Quelles sont les nouveautés apportées par la réforme de novembre 2010 ?
La réforme des retraites de 2010 contient quelques mesures en faveur des femmes et de l'égalité hommes-femmes.
- La principale de ces mesures vise à inciter les entreprises à promouvoir l'égalité hommes-femmes au sein de leur organisation : Les entreprises de 50 salariés et plus doivent avoir mis en place, avant le 1er janvier 2012, un accord sur l'égalité professionnelle hommes-femmes ou, à défaut, un plan d'action pour la promotion de cette égalité. A défaut, elles doivent acquitter une contribution qui pourra atteindre 1% de leur masse salariale.
Il s'agit d'une mesure calquée sur le principe de ce qui existe par ailleurs sur la prise en compte de la pénibilité et l'emploi des seniors.
Quelle différence y a-t-il entre un « accord » et un « plan d'action » ?
L'accord suppose une négociation au sein de l'entreprise ; le plan d'action peut être décidé unilatéralement par l'employeur. Aussi bien l'accord que le plan d'action portent sur tous les aspects de l'égalité homme-femme dans l'entreprise : « la situation respective des femmes et des hommes en matière d'embauche, de formation, de promotion professionnelle, de qualification, de classification, de conditions de travail, de rémunération effective et d'articulation entre l'activité professionnelle et l'exercice de la responsabilité familiale. » Le plan d'action doit faire l'objet d'un suivi et contenir des indicateurs chiffrés.

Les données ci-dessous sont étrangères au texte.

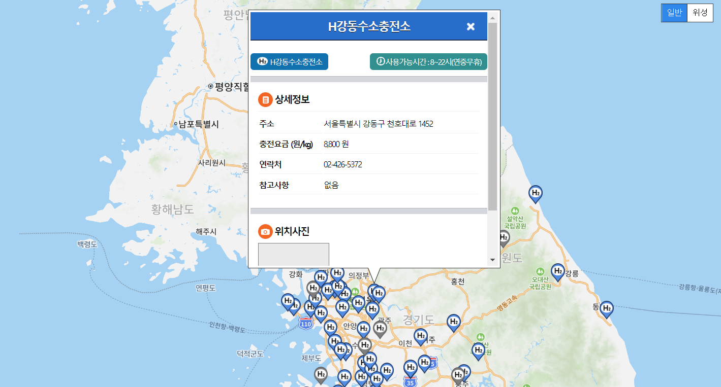 서울시/강동구로 검색해보니 H강동수소충전소가 나온다. 이용가능시간, 주소, 연락처, 충전요금까지 나온다. 위치사진은 업데이트된 것도 있고 준비 중인 것도 있다.

- Les deux autres mesures sont de moindre portée :
- les parents de 3 enfants nés avant 1956 et ayant interrompu ou réduit leur activité professionnelle pour les élever, pourront continuer à partir à la retraite à taux plein à 65 ans, à condition d'avoir validé un nombre minimum de trimestres qui reste à fixer. Cette mesure pourrait concerner 130 000 personnes, sans doute essentiellement des mères.
- Depuis le 1er janvier 2012, l'indemnité journalière perçue pendant le congé maternité est prise en compte, à hauteur de 125 % de leur montant, pour le calcul du salaire de référence à partir duquel est calculée la retraite (les 25 meilleures années). Cette mesure pourrait se traduire par une légère réévaluation de certaines retraites de mères.